Engineering Contradictions & Design Principles

VSEngineering Contradiction Analysis

1Reliability

If traditional contract enforcement mechanisms are used, then legal redress can be sought, but enforcement costs are high and the process is impractical

Engineering Contradiction:
Improvecontract enforcementVSAvoidenforcement costs
Core Design Contradiction:
ReliabilityVSLoss of energy

Solution Approach 1:

The patent replaces traditional mechanical legal enforcement systems with an automated smart contract execution system on blockchain. The smart contract automatically enforces agreement terms through predefined conditions and actions, eliminating the need for costly court proceedings and manual enforcement while maintaining reliability through cryptographic verification and decentralized consensus.

Inventive Principle:
Principle #28Mechanics substitution (Replace mechanical system)

2Productivity

If smart contracts on distributed ledgers are used, then automatic execution is achieved, but the contracts are irreversible and lack flexibility

Engineering Contradiction:
Improveautomatic executionVSAvoidcontract flexibility
Core Design Contradiction:
ProductivityVSAdaptability or versatility

Solution Approach 1:

The patent introduces dynamic elements to smart contracts by implementing upgradeable contract structures and governance mechanisms that allow modifications after deployment. The system enables contract parameters to be adjusted and terms to be updated through authorized parties or governance votes, transforming static irreversible contracts into flexible, adaptable agreements that can respond to changing conditions while maintaining automatic execution capabilities.

Inventive Principle:
Principle #15Dynamics

3Productivity

If natural language processing is used to generate smart contracts, then contract generation efficiency is improved, but accuracy of chaincode generation must be ensured

Engineering Contradiction:
Improvecontract generation efficiencyVSAvoidchaincode generation accuracy
Core Design Contradiction:
ProductivityVSMeasurement precision

Solution Approach 1:

The patent implements feedback mechanisms in the NLP-based smart contract generation system by incorporating validation layers that verify generated chaincode against the original natural language terms. The system uses confirmation prompts for critical terms, allows user review and correction of generated code, and employs testing frameworks to validate contract behavior, ensuring high accuracy while maintaining generation efficiency through automated processing.

Inventive Principle:
Principle #23Feedback

Data Source

PatentUS12579384B2Smart contract generation system and methods
Publication Date: 2026.03.17 DEEPSEE AI INC
  • US12579384B2 patent drawing
  • US12579384B2 patent drawing
  • US12579384B2 patent drawing

AI summary

A system for generating smart contracts may include a first subsystem to receive a written or verbal contract, and a second subsystem to identify terms of the contract using natural language processing (NLP).

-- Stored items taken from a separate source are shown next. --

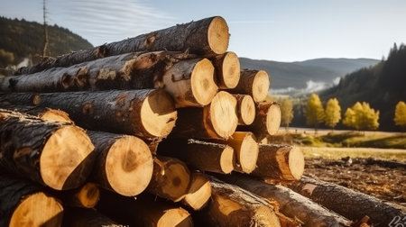 AI Generated. Stacked logs ready for processing at a timber mill in the early morning light
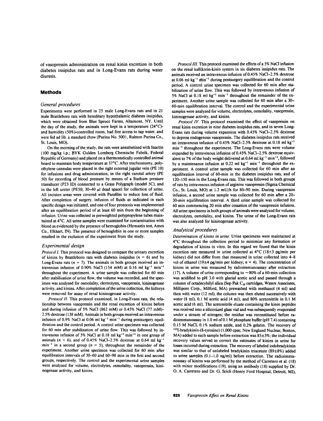 To study the relationship between vasopressin and the renal kallikrein-kinin system we measured the rate of excretion of kinins into the urine of anesthetized rats during conditions of increased and decreased vasopressin level. The excretion of immunoreactive kinins in Brattleboro rats with hereditary diabetes insipidus (DI) (24 +/- 3 pg min-1 kg-1) was lower than in the control Long Evans (LE) rats (182 +/- 22 pg min-1 kg-1; P less than 0.05). The DI rats also exhibited negligible urinary excretion of immunoreactive vasopressin, reduced urine osmolality, and increased urine flow and kininogenase excretion. In LE rats, volume expansion by infusion of 0.45% NaCl-2.5% dextrose to lower vasopressin secretion reduced (P less than 0.05) kinin excretion, vasopressin excretion, and urine osmolality to 41, 26, and 15% of their respective control values, while increasing (P less than 0.05) urine flow and kininogenase excretion. On the other hand, the infusion of 5% NaCl, which promotes vasopressin secretion, increased (P less than 0.05) the urinary excretion of kinins and vasopressin to 165 and 396% of control, while increasing (P less than 0.05) urine flow and kininogenase excretion. Infusion of vasopressin (1.2 mU/h, intravenous) enhanced (P less than 0.05) kinin excretion by two to threefold in DI rats and in LE rats during volume expansion with 0.45% NaCl-2.5% dextrose, while decreasing urine flow and increasing urine osmolality. This study demonstrates that the urinary excretion of immunoreactive kinins varies in relation to the urinary level of vasopressin, irrespective of urine volume and osmolality and of the urinary excretions of sodium and kininogenase. The study suggests a role for vasopressin in promoting the activity of the renal kallikrein-kinin system in the rat.
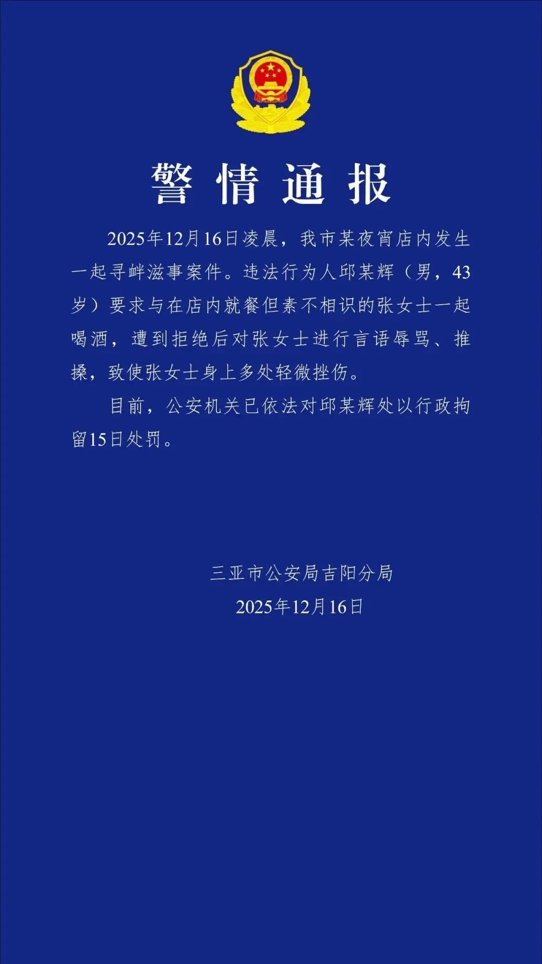海南三亚,43岁男子凌晨在店里吃夜宵,他看邻桌女子长得有几分姿色,就拿着酒瓶晃悠到女子身边,让她陪自己喝两杯,女子和他素不相识,当场拒绝,男子遭拒后恼羞成怒,嘴里开始不干不净,还拽起女子,一直推搡她,女子几次倒地,导致面部、身上多处轻微挫伤,报警后,男子被行拘15天。 2025年12月16号凌晨,路边的夜宵店里依然很热闹。 43岁的邱某辉端着啤酒杯晃到邻桌,非要拉着素不相识的张女士陪他喝两杯。 张女士正吃着烤串和闺蜜聊天,突然被陌生男人搭讪,寻思这人谁啊?我跟你认识吗? 妹子,咱碰个杯呗?邱某辉凑近了,那股酒气直往张女士脸上喷。 张女士本能地往后缩,有些不悦,但她还是礼貌回复,说自己不喝酒。 邱某辉被拒后脸一沉,嗓门立刻拔高:装什么清高?陪哥喝两杯能掉块肉咋的? 周围几张桌子的人听见动静都转头看过来,张女士的火气也上来了,觉得眼前这名男子真是太过无理。 闺蜜小声劝她别搭理,可邱某辉不依不饶,手指头都快戳到张女士鼻尖了。 张女士站起来想换个位置。邱某辉却推了一把她的肩膀。这一推让张女士翻倒在地,手肘也磕在铁桌角上,疼得她呲牙咧嘴。 她低头一看,胳膊已经呲破皮,渗出了血。 张女士也没心思吃饭了,作势要离开。这年头在外面,能不惹事就不惹事,她不想跟一个醉酒之人起冲突,惹不起,她还躲不起吗? 邱某辉见张女士要走,更来劲了,嘴里不干不净地骂着,手也跟着推搡起来。 张女士的闺蜜吓得赶紧掏手机报警,邱某辉却浑然不觉,还在那儿骂骂咧咧。 没一会儿,夜宵摊老板跑过来拉架,可邱某辉像喝了假酒似的,疯疯癫癫,根本拉不住。 张女士想走,却被邱某辉拽住衣服,撕扯中后背又撞到柱子,疼得不行。 这下张女士彻底绷不住了,她直接掀翻桌子,想让邱某辉知道,她也不是那种任由人欺负的女人。 邱某辉一看这架势,手上动作更大了。 直到警察来了,邱某辉这才有点清醒了。民警冲过来把他按住时,他还不服气,寻思不就喝个酒吗?至于这么小气? 可手铐一戴,他才意识到事情闹大了。 张女士后来去医院检查,医生说是轻微挫伤,没伤到骨头。 可大晚上吃个夜宵都能碰上这种事,她也真是够倒霉的。 可转念一想,警察已经处理了,自己也没大碍,又觉得算了。 邱某辉被拘后,民警问他知不知道错在哪。他说当时喝多了,脑子不清醒。 而且他觉得,自己就推了几下,能有多大事? 然而,轻微伤也是违法,人家没还手不是怕你,是懂法! 第二天,警方通报了处理结果:邱某辉因寻衅滋事被行政拘留15天。 不过在张女士看来,15天还是太便宜他了,这种骚扰别人的人就该重罚! 也有人说了,应按寻衅滋事罪追究刑事责任,处罚过轻了。 这种人就跟草一样,不论哪个城市遍地都有,要想治理,必须法用重典,本案是典型的寻衅滋事,应按寻衅滋事罪进行刑事处罚,而不是治安拘留了事。 总之,邱某辉 15天拘留不冤!他喝多了耍酒疯,欺负陌生姑娘。人家张女士好好吃个夜宵,他非逼着喝酒,被拒绝后还骂人推搡,结果把人弄伤了。 公共场合这么撒野,既没素质又违法。张女士没还手是对的,直接报警最管用。 出门在外,尤其是晚上,遇到这种人得赶紧躲开,同时必须让法律好好治治这种“社会渣子”,给他们点教训! 那么,从法律角度,怎么看待这件事? 《治安管理处罚法》第43条规定:殴打他人的,或者故意伤害他人身体的,处五日以上十日以下拘留,并处二百元以上五百元以下罚款;情节较轻的,处五日以下拘留或者五百元以下罚款。 邱某辉在夜宵店内因要求与素不相识的张女士喝酒被拒后,对张女士实施了言语辱骂和推搡行为,导致张女士多处轻微挫伤。这个行为符合故意伤害他人身体。 虽然伤情未达到轻伤以上标准,但已构成对他人身体权的侵害,符合治安管理处罚的立案条件。 邱某辉的行为发生在公共场所,且针对素不相识的陌生人实施,具有随机性和突发性,对公共场所秩序造成一定干扰。 此外,邱某辉在遭拒后持续升级冲突,主观恶性较大,符合“情节较重”的认定标准。 根据规定,邱某辉的行为不涉及结伙、伤害特殊群体或多次伤害等加重情节,因此适用基础款中的“十日以上十五日以下拘留”档次。 公安对邱某辉处以行政拘留15日的处罚,属于“情节较重”的范畴。 邱某辉的违法行为不仅需承担行政责任,还可能面临民事赔偿。张女士可依据《民法典》第1179条要求邱某辉赔偿医疗费等损失。 不要以为在公共场所的随意骚扰、辱骂或肢体冲突,即便未造成严重伤害,也可能触犯治安管理法规,切莫肆意妄为。 对此,你怎么看? 关注@运良说法. 学法律知识不迷路

The system may additionally include a third subsystem to correlate processed NLP terms of the contract with chaincode in a library, and a fourth subsystem to combine correlated NLP terms to generate a smart contract. Methods of generating a smart contract may include inputting natural language contract terms into a smart contract generation system and identifying the natural language contract terms with a natural language processing system. The method may further include correlating at least some of the contract terms to chaincodes stored in a library, generating chaincodes for any contract terms that do not correlate to any chaincodes stored in the library, and assembling the chaincodes into a smart contract.